# Cpu kauf, Wow und die Kernanzahl



## Jedenar (7. Juni 2011)

Hallo ich bin zurzeit dabei einen pc zusammenzustellen, bin soweit auch fertig das einzige was noch fehlt ist die cpu.

Ich habe ein bisschen geschaut und bin bei diesen beiden hängen geblieben, da sie genau meinem buget entsprechen und von der leistung her gut sind.

AMD Phenom II X4 Black Edition 965
http://www.mindfacto...So-AM3-BOX.html

oder

Intel Core i3 2100
http://www.mindfacto...o-1155-BOX.html


laut benchmark ist der 965 besser aber nicht viel mehr.

meine frage ist wie viel kerne werden von wow genutzt, lohnt es sich den 965 mit 4kernen zu holen oder den 2100 mit 2 kernen?

mit freundlichen grüßen


----------



## Dagonzo (7. Juni 2011)

Offiziell unterstützt WoW vier Kerne. Wie effizient das allerdings ist, ist eine andere Frage.
Ich würde aber in jeden Fall zur 4-Kern CPU raten. Ist halt Zukunftssicherer als ein Dualcore. Könnte ja sein das man damit auch was anderes als WoW spielt oder?


----------



## Caps-lock (7. Juni 2011)

Wie sieht denn die restliche Zusammenstellung aus ?
Hast du vor das Ding mal aufzurüsten oder soll er so stehen bleiben ?
Es fehlen Prozessor UND Mainboard


----------



## Jedenar (7. Juni 2011)

http://www.mindfactory.de/product_info.php/info/p723599_Gigabyte-GB-AM3-770T-D3L-AM3-ATX.html

wäre meine wahl für die amd variante, für intel ungefähr gleichwertig

es soll hauptsächlich zum wow spielen sein, aber nebenbei ts, firefox, was man halt so braucht 
zudem soll der pc so bleiben, aufrüsten werde ich ihn wohl nicht.


----------



## muehe (7. Juni 2011)

für WoW wäre der 2100er besser

und auch wenn man mal was anderes spielt sthet er immernoch sehr gut da


----------



## Jedenar (7. Juni 2011)

ok einer ist für intel einer für amd, dann denke ich einfach es ist geschmackssache und die beiden geben sich nicht viel.


----------



## muehe (7. Juni 2011)

ich kenn ja die Benchmarks nich die du gelesen hast

kannst ja hier nochmal reingucken http://www.computerb...nitt_einleitung

http://www.pcgameshardware.de/aid,808071/Core-i3-2100-im-Test-Sandy-Bridge-mit-zwei-Kernen-und-SMT-auf-dem-Pruefstand/CPU/Test/


----------



## Klos1 (7. Juni 2011)

Also, ich würde den Quad kaufen. Nie im Leben würd ich mir heute noch nen Dualcore holen. Auch wenn du immo nur Wow spielst. Vielleicht kommt in Zukunft ja noch ein anderes Spiel, dass gut mit Quad skaliert.
Und für Wow reichen so und so beide CPU's locker. Denn Wow braucht bei weitem keinen 965er.


----------



## Jedenar (7. Juni 2011)

also die benchmarks sprechen eindeutig für den i3 2100, auch bei anderen benchmarks hab mich nochmal mehr damit befasst.
laut einem benchmark läuft sogar dragon age auf dem i3 2100 besser, obwohl dragon age (meines wissens nach) mehr von 4 kernen profitiert.

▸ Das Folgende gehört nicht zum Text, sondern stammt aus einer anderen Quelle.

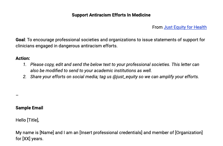 For those disturbed by white supremacists targeting docs doing important health equity work, we have some ACTIONS you can take, today. First, send this email to your professional societies to issue a statement of support. 1/ https://tinyurl.com/ycku93cw pic.twitter.com/7QE11dBTB5

Ich lasse mich aber gerne eines besseren belehren


----------



## Blut und Donner (7. Juni 2011)

Jo. Den AMD kannst du aber übertakten und das leicht per multiplikator. Außerdem profitieren andere Spiele wieder mehr von den 4 Kernen. Bei der Entscheidung würde ich entweder auf nen i5-2300 sparen, oder den AMD nehmen.


----------



## Carcharoth (8. Juni 2011)

WoW läuft auf Intelsystemen um weites besser als auf AMD-Geräten. Nur so als Info...


----------



## Soramac (8. Juni 2011)

und Left 4 Dead 2 sieht schoener aus mit einer Nvidia Grafikkarte, als AMD :b


----------



## Blut und Donner (8. Juni 2011)

Carcharoth schrieb:


> WoW läuft auf Intelsystemen um weites besser als auf AMD-Geräten. Nur so als Info...



Das kannst du aber nicht pauschalisieren, der E6600 Intelrechner wird auch schlechter in WoW sein als ein Pendant mit Phenom II 980


----------



## Kaldreth (8. Juni 2011)

Carcharoth schrieb:


> WoW läuft auf Intelsystemen um weites besser als auf AMD-Geräten. Nur so als Info...



Hm vielleicht ist das im lowbudget oder bei sehr alten Geräten so, aber ich kann zu 100 % sagen, dass es mit dem AMD keine Probleme mit WoW geben wird! Hab lange mit einem 940er WoW gespielt und das ohne Probleme! 

Die Quelle für die Aussage würd mich mal interessieren!


----------



## Palimbula (8. Juni 2011)

Carcharoth schrieb:


> WoW läuft auf Intelsystemen um weites besser als auf AMD-Geräten. Nur so als Info...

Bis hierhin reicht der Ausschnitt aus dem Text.